Introduction

The aging brain is characterized by a complex interplay of cellular and molecular changes that contribute to cognitive decline and increased susceptibility to neurodegenerative diseases. Recent advancements in single-cell technologies, multi-omics approaches, and genetic analyses have provided unprecedented insights into the mechanisms underlying brain aging. This mini-review focuses on key advancements in understanding cellular senescence, neuroinflammation, and the genetic architecture of brain aging over the past five years, drawing exclusively from the provided list of papers.

Cellular Senescence and its Impact on Brain Aging

Cellular senescence, a state of irreversible cell cycle arrest, has emerged as a critical factor in brain aging. Diana Jurk's group has demonstrated that whole-body senescent cell clearance alleviates age-related brain inflammation and cognitive impairment in mice, with similar findings reported in both 2020 and 2021 (Mikołaj Ogrodnik et al., 2020, Aging Cell; Mikołaj Ogrodnik et al., 2021, Aging Cell).

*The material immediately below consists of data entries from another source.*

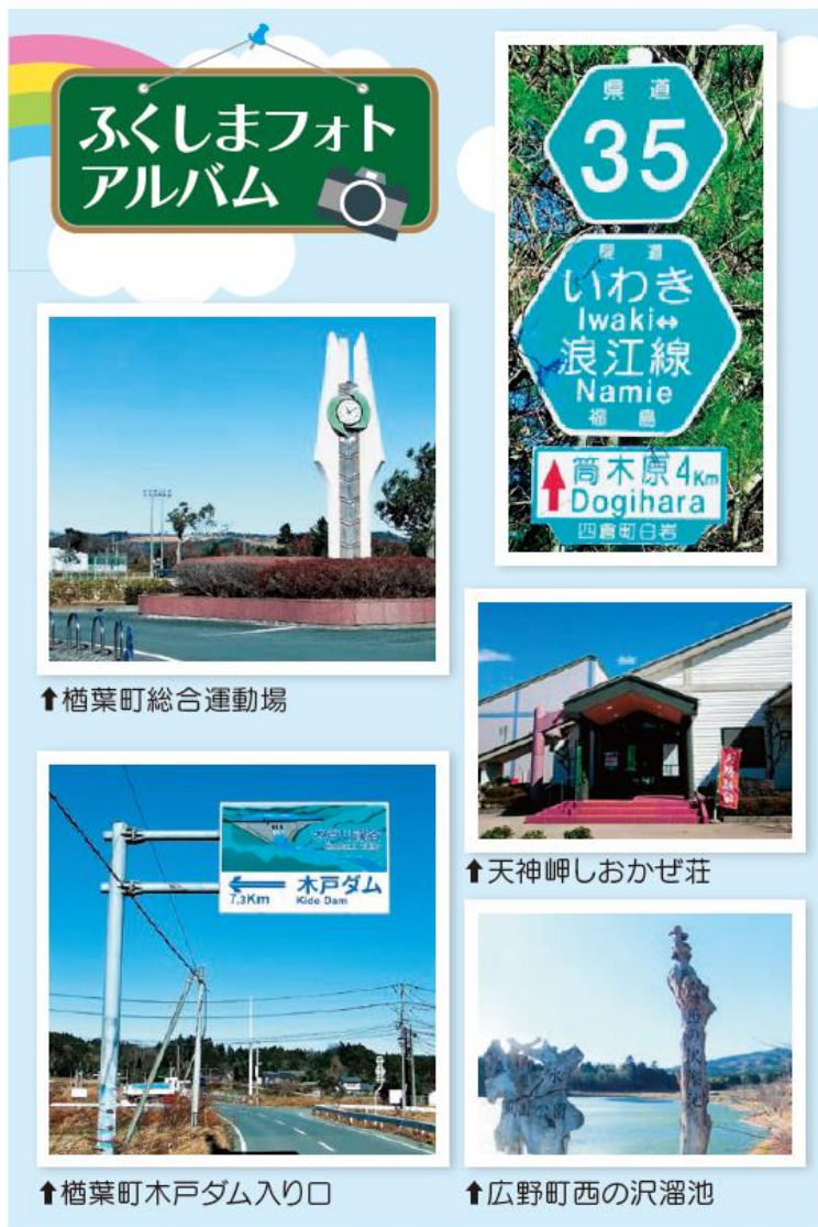
↑ 楯葉町総合運動場
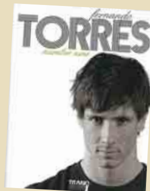
gráfico personal: ‘Campeón del mundo’, ‘Carrera contra el crono’, ‘¿Por qué soy del Atleti?’, ‘Anfield en el recuerdo’, ‘El Chelsea levantó el telón’, ‘Viena trazó el camino’ o ‘El podio de Zurich’ son algunos de sus 27 capítulos. La edición inglesa, actualizada ahora, se convirtió en el segundo libro de no ficción más vendido del país.
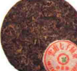
云南七子饼(中茶铁饼) P325
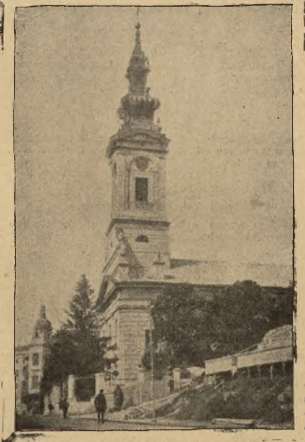
Zaślubiny króla Aleksandra Karageorgiewicza: Katedra w Belgradzie, w której pobłogosławiony został w dniu 8. czerwca b. r. związek małżeński króla Aleksandra z księżniczką Maryą rumuńską.

zek małżeński króla Aleksandra z księżniczką rumuńską Maryą. Fakt, na oko zwykły, dla polityki europejskiej mający jednak bardzo doniosłe znaczenie, zwrócił uwagę całego świata na Belgrad i Małą Ententę, mającą zapewnić pokój w środkowej i wschodniej Europie.
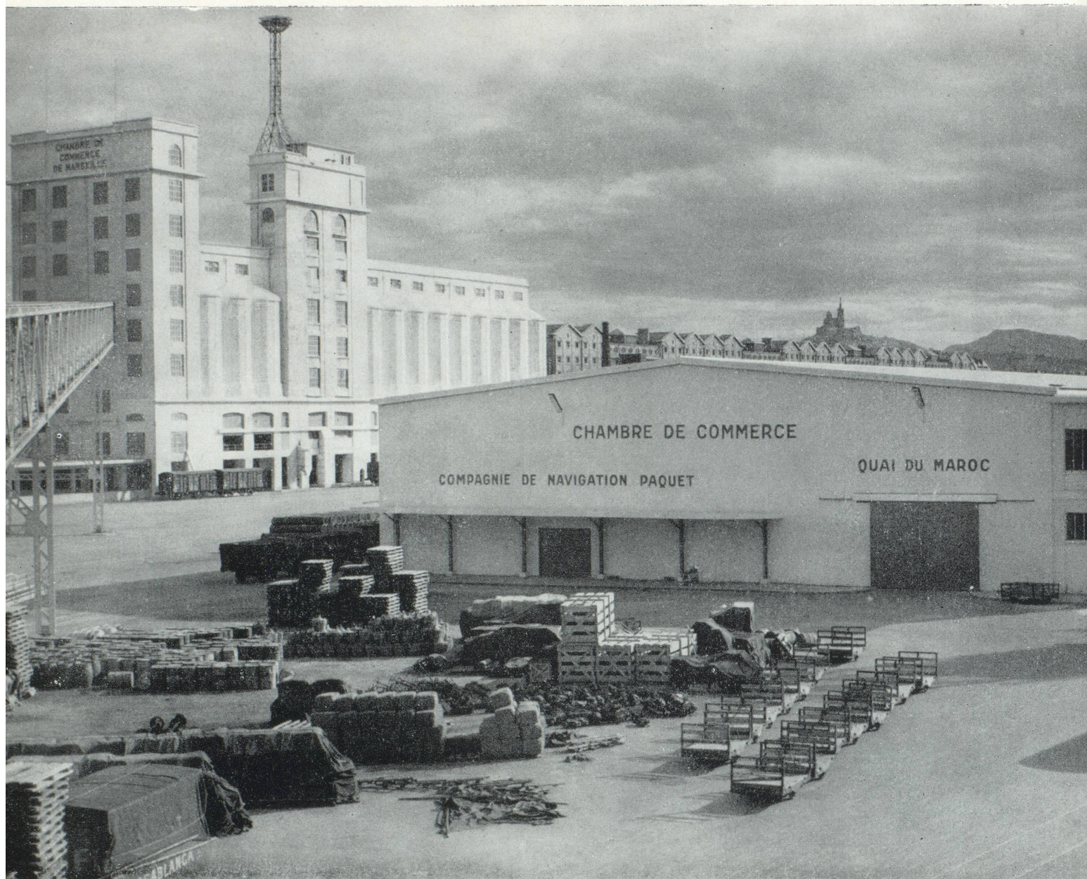
Les entrepôts de la Chambre de Commerce de Marseille

nière très sensible : avec 7.261 tonnes le chiffre des agrumes se trouve pratiquement doublé par rapport à l'année précédente, celui des fruits passant de 2.984 tonnes à 3.910 tonnes.
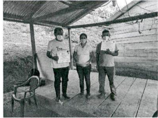
Desarrollo de la activación de gestores de desarrollo
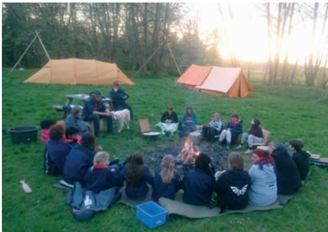
Mens solen går ned en aften i maj, sidder spejderne og nyder at være sammen ved Roskilde Kro.

En lejr er meget mere end telt og bål, når man tænker på de sociale værdier. Ord som "spejderlejr" og "spejderhytte" er begreber, vi alle bruger. Spejderne har også haft lejr med overnatning på Spejdergården. De grønne spejdere valgte maj til en weekend på spejdergården, og de blå spejdere holdt deres i september. De har endda haft besøg af spejdere fra Albertslunds svenske venskabsby, Mölndal, og det var nemt med teltene og bålplads i den gamle kros have.
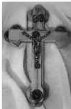
Διάσταση 13cm x 8.50cm

Διαθέτουμε ξύλινους σταυρούς από τὰ Ἱεροσόλυμα πού περιέχουν κῶμα ἀπό τήν ἁγία Γῆ . Ἐπίσης ὁ σταυρός πού βλέπετε δεξιά ἔχει στά τέσσερα σημεῖα του, λιβάνι, πέτρα, κῶμα καί σταυρολούλουδο ἀπό τήν Ἁγία Γῆ.
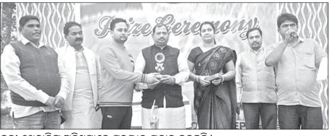
କୃତୀ ଖେଳାଳିଙ୍କୁ ଅଭିଭୂତାରେ ପୁରସ୍କାର ପ୍ରଦାନ କରୁଛନ୍ତି।
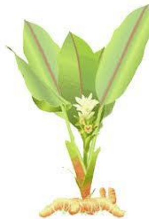
Gambar 6: Pokok Kunyit
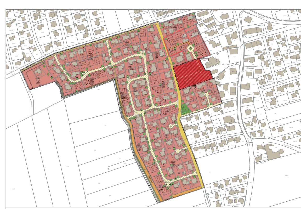
Übersichtslageplan M 1:5.000
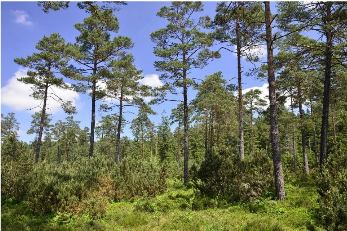
Abb. 17: Latschen-Moorwald unter lichter Waldkiefer im Ödmoos
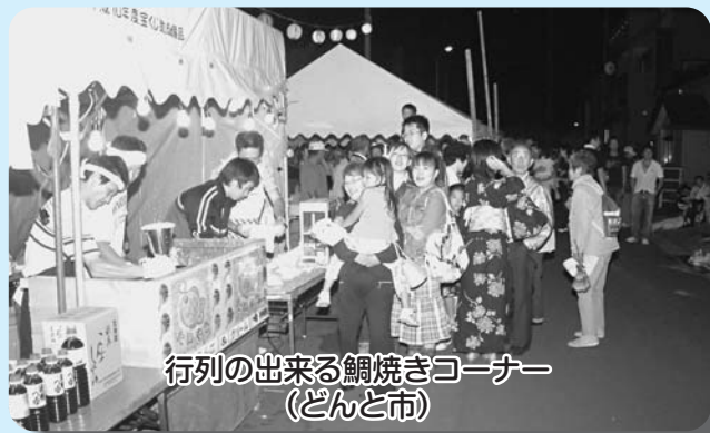
行列の出来る鯛焼きコーナー (どんと市)
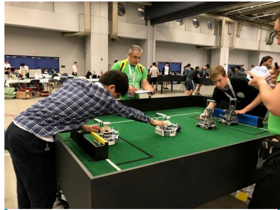
キックオフ直前の緊張シーン

その後スーパーチーム競技があり、私たちのロボットはゴールキーパーを務めました。何度か点を決められてしまい、負けてしまいました。
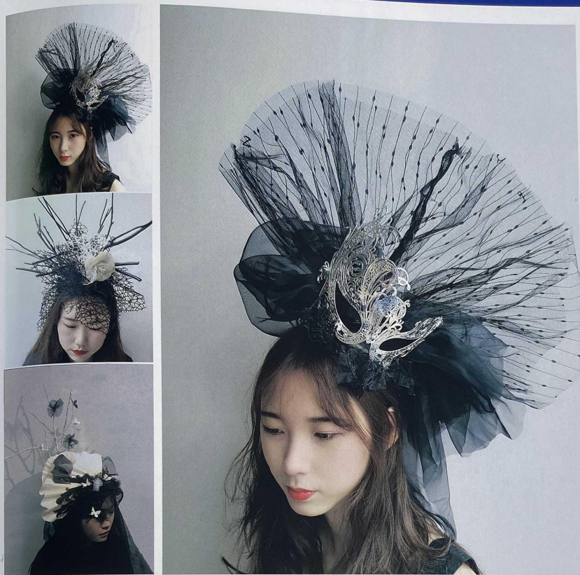
课程名称：《形态构成》 课题一：“帽”——点线面的综合应用 课题二：骨骼练习 指导教师：曹阳、卢建洲、张宇
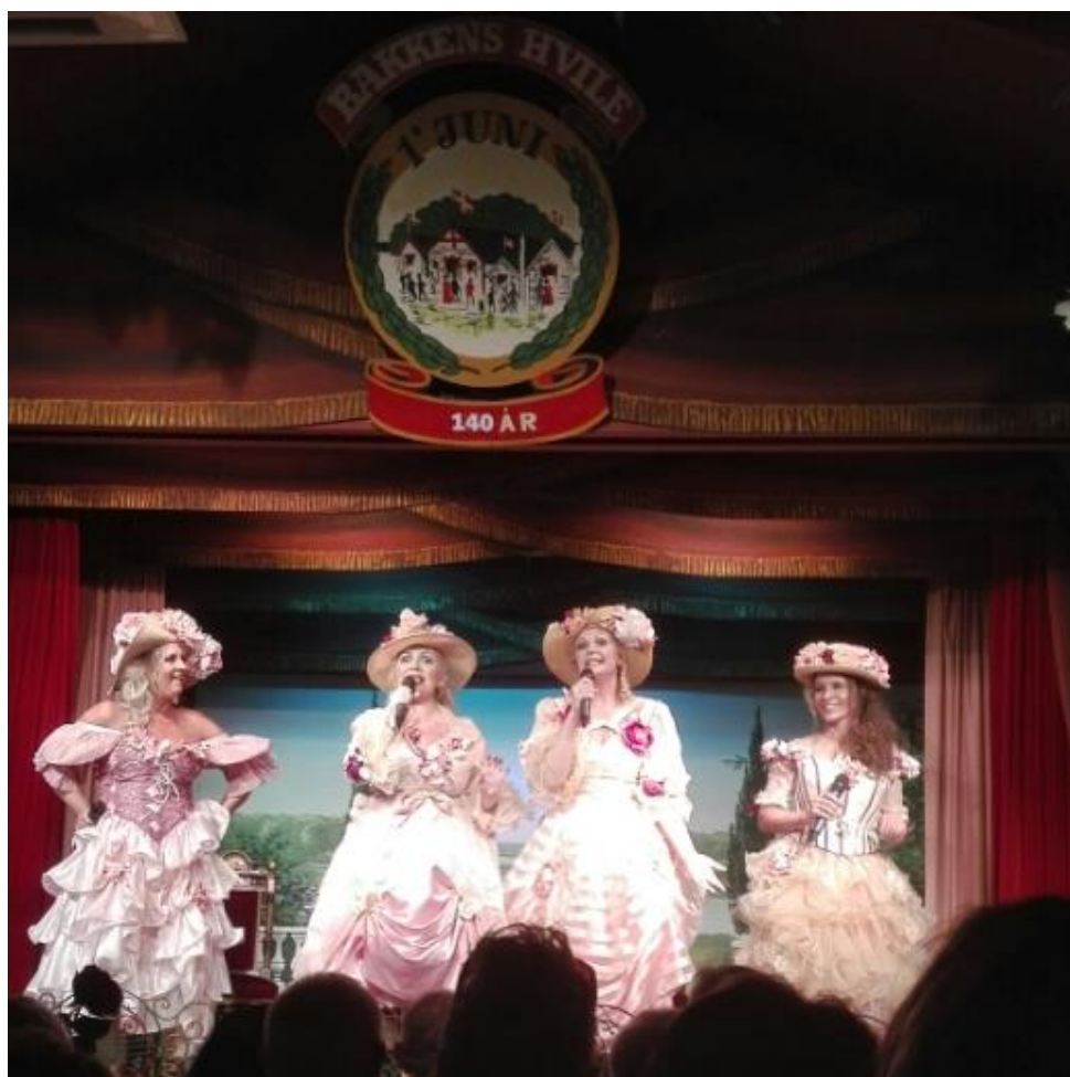
Oplagte Bakkepiger den 31.maj 2017
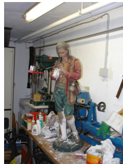
oben: Restaurationsarbeiten der Krippenfiguren.
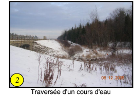
Talus moyen à abrupte
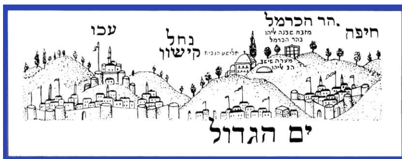
ציור יהודי עממי של אזור חיפה והכרמל
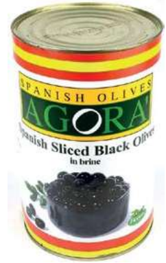
OLI530 OLIVE NERE RONDELLE LATTA
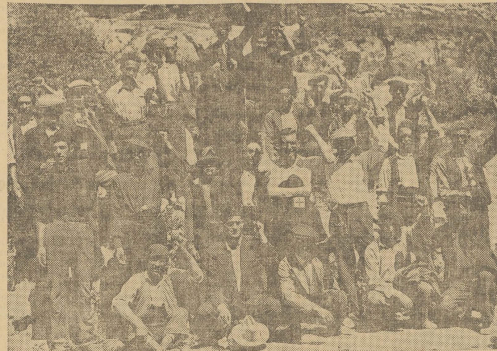
Vecinos de Teruel, que huyen de su tierra, se refugian en las avanzadas de la columna Uribe-Peire

una pensión. En cambio, en su casa, se alojaron dos frailes.
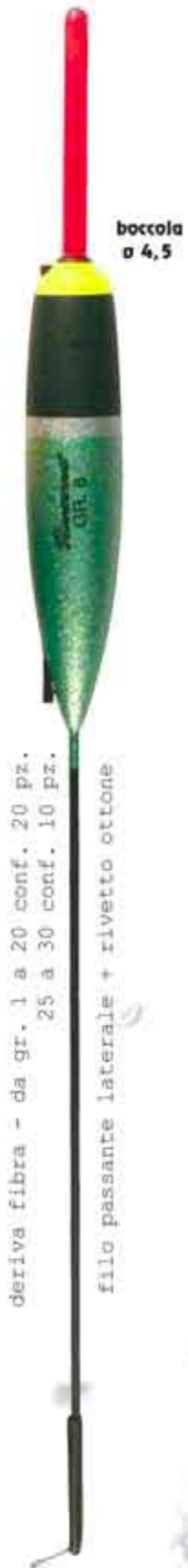
Bingo Art. 412
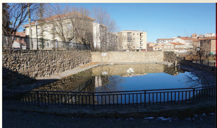
El estanque o pesquera durante muchos años fue lavadero p3blico.

En todas las visitas se hace referencia a la ocupaci3n, por parte del Ayuntamiento de la Villa de 3greda, « desde tiempo inmemorial », de un prado de la Encomienda que lo hab3a anexionado a la Dehesa y tamb3en haber construido unos corrales pegados a la Ermita, as3 como que el « estanque
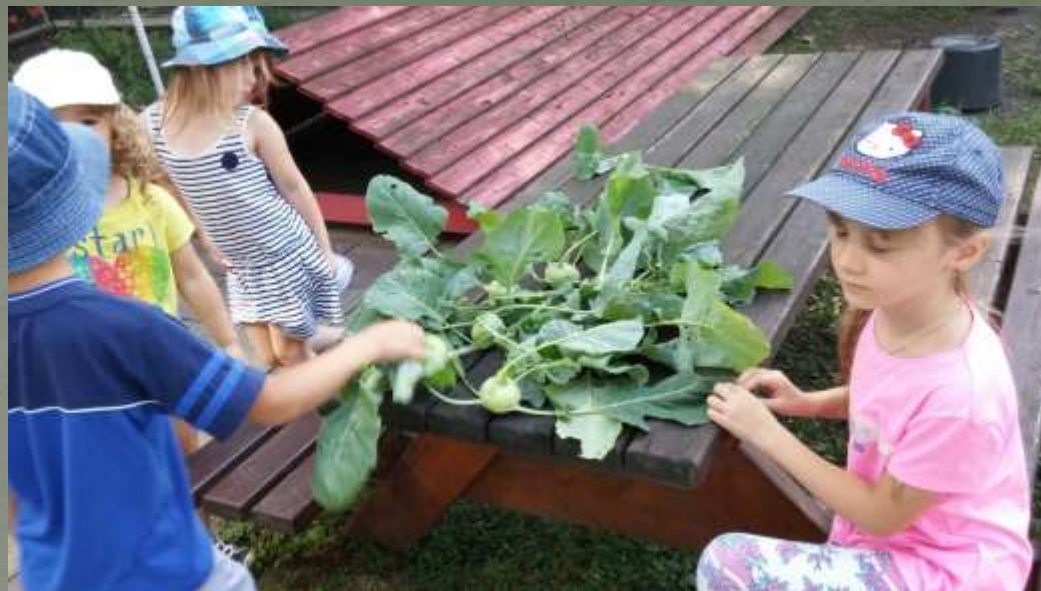
SKLÍZENÍ VÝPĚSTKŮ ZE ZAHRÁDKY
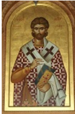
Άγιος Αστέριος επίσκοπος Δυρραχίου Άγιος Αστέριος επίσκοπος Δυρραχίου - Εικόνα στο Ναό του Ευαγγελισμού, Τίρανα
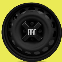
16" ocelová kola se středovými kryty (D6J, Pop)
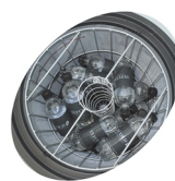
Ventilateur interne et panier
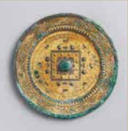
鍍金方格規矩四神鏡（当館蔵）

古来より鏡は神秘的な力を有し、その恩恵を所有者にもたらすと考えられていました。裏面には神秘的な力を表現した図像や、願いが叶うことを保証する銘文が記されています。 本展ではコレクションの中から方格規矩四神鏡や八花鏡など前漢～唐の時代の鏡を展示します。 長寿や立身出世、家族の幸福など、古代中国の人々が願いそして鏡に託した想いに触れてください。
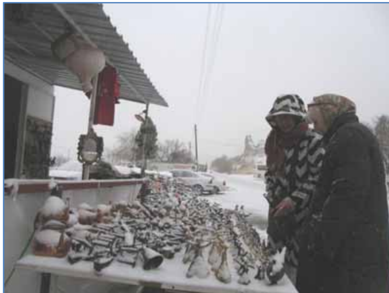
Trots snölagret var kommersen i full gång
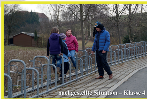
nachgestellte Situation – Klasse 4
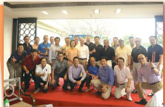
▲賽後大合照 Group Photo after tournament
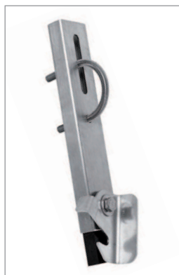
GUIA PARA CABLE CON GANCHO DE SEGURIDAD REF. 170019

Las guías para cable se deben utilizar en líneas de vida de longitudes superiores a 10 metros. Se abrazan a los peldaños de las escaleras y su principal misión es la de guiar el cable y servirle de apoyo en su recorrido.
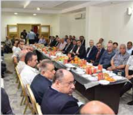
حفل المعايدة بمناسبة عيد الفطر السعيد
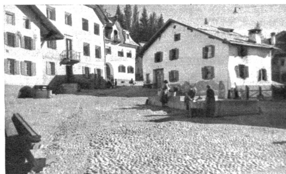
Dorfplatz in Schuls

This suggests that senescent cells contribute to the detrimental effects of aging on the brain. Ewa Sikora and colleagues have provided a general overview of cellular senescence in brain aging in 2020 and 2021 (Ewa Sikora et al., 2020, Front. aging neurosci.; Ewa Sikora et al., 2021, Front. aging neurosci.). More recently, Miranda E. Orr's research group identified senescent neurons with CDKN2D/p19 and tau neuropathology in human brains, further solidifying the link between cellular senescence and neurodegenerative processes (Shiva Kazempour Dehkordi et al., 2021, Nature Aging). In 2023, Ashok Kumar's team showed that peripheral cellular senescence affects brain aging and cognitive decline (Vivekananda Budamagunta et al., 2023, Aging Cell). Furthermore, Michal Schwartz's group identified senescent, TREM2-expressing microglia in aging and Alzheimer’s disease model mouse brain in 2024, highlighting the role of microglia senescence in neurodegeneration (Noa Rachmian et al., 2024, Nature Neuroscience). These findings underscore the importance of targeting cellular senescence as a potential therapeutic strategy for age-related cognitive decline.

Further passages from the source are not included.